Gaussian smoothed sliced Wasserstein distance has been recently introduced for comparing probability distributions, while preserving privacy on the data. It has been shown that it provides performances similar to its non-smoothed (non-private) counterpart. However, the computationaland statistical properties of such a metric have not yet been well-established. This work investigates the theoretical properties of this distance as well as those of generalized versions denoted as Gaussian-smoothed sliced divergences. We first show that smoothing and slicing preserve the metric property and the weak topology. To study the sample complexity of such divergences, we then introduce $\hat{\hat\mu}_{n}$ the double empirical distribution for the smoothed-projected $\mu$. The distribution $\hat{\hat\mu}_{n}$ is a result of a double sampling process: one from sampling according to the origin distribution $\mu$ and the second according to the convolution of the projection of $\mu$ on the unit sphere and the Gaussian smoothing. We particularly focus on the Gaussian smoothed sliced Wasserstein distance and prove that it converges with a rate $O(n^{-1/2})$. We also derive other properties, including continuity, of different divergences with respect to the smoothing parameter. We support our theoretical findings with empirical studies in the context of privacy-preserving domain adaptation.

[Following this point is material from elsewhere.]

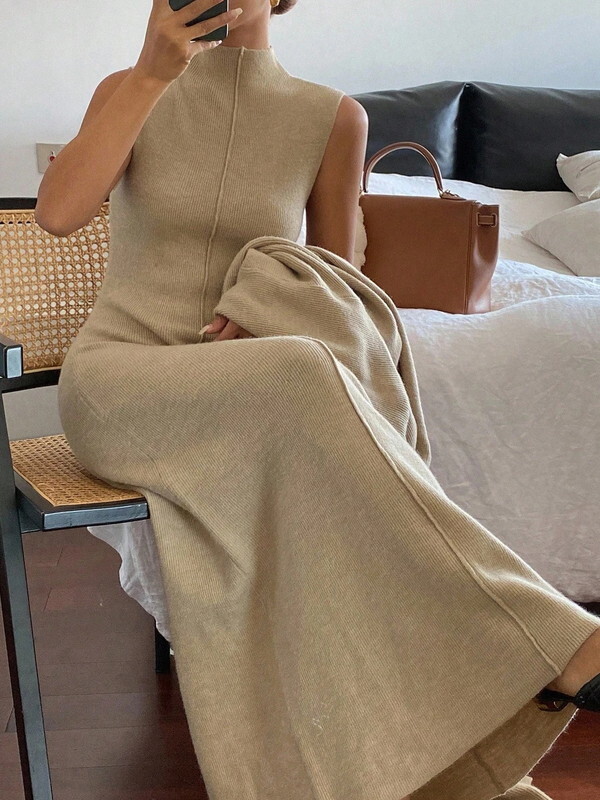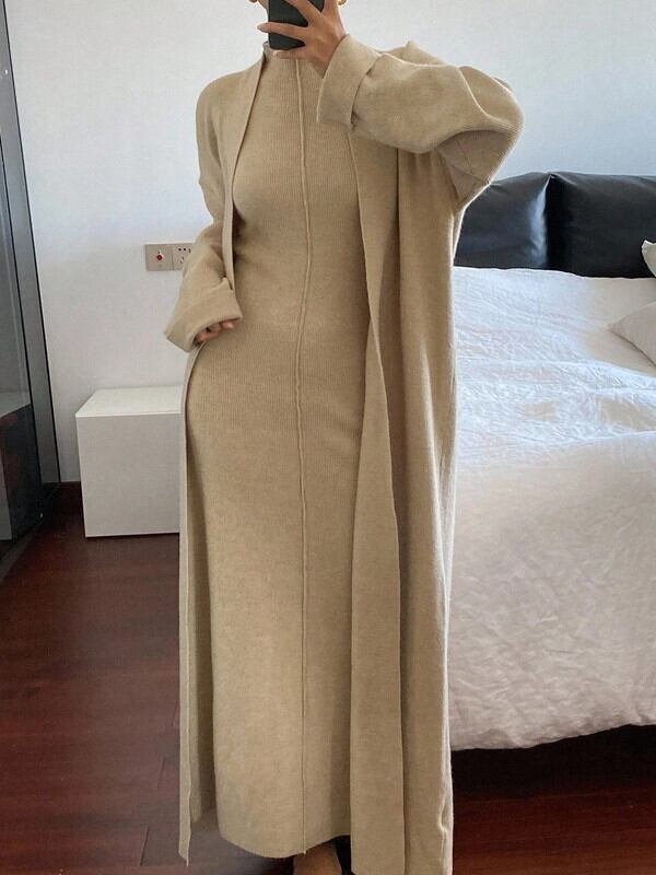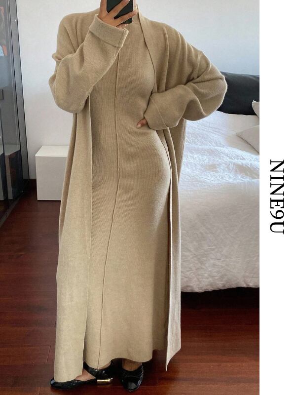 cardigan&one-piece rib-knit relax 2set【NINE-S0035】

翻译：高斯平滑切片Wasserstein距离最近被引入用于比较概率分布，同时保护数据的隐私性。研究表明，该距离能提供与其非平滑（非隐私）版本相似的性能。然而，此类度量的计算与统计性质尚未得到充分确立。本文研究了该距离及其推广形式（称为高斯平滑切片散度）的理论性质。我们首先证明平滑与切片操作保持度量性质与弱拓扑。为了研究此类散度的样本复杂度，我们引入$\hat{\hat\mu}_{n}$，即平滑投影$\mu$的双重经验分布。分布$\hat{\hat\mu}_{n}$源于双重采样过程：第一次根据原始分布$\mu$采样，第二次根据$\mu$在单位球面上的投影与高斯平滑的卷积进行采样。我们特别关注高斯平滑切片Wasserstein距离，证明其收敛速度为$O(n^{-1/2})$。我们还推导了不同散度相对于平滑参数的连续性等其他性质。我们通过在隐私保护领域自适应中的实证研究支持理论发现。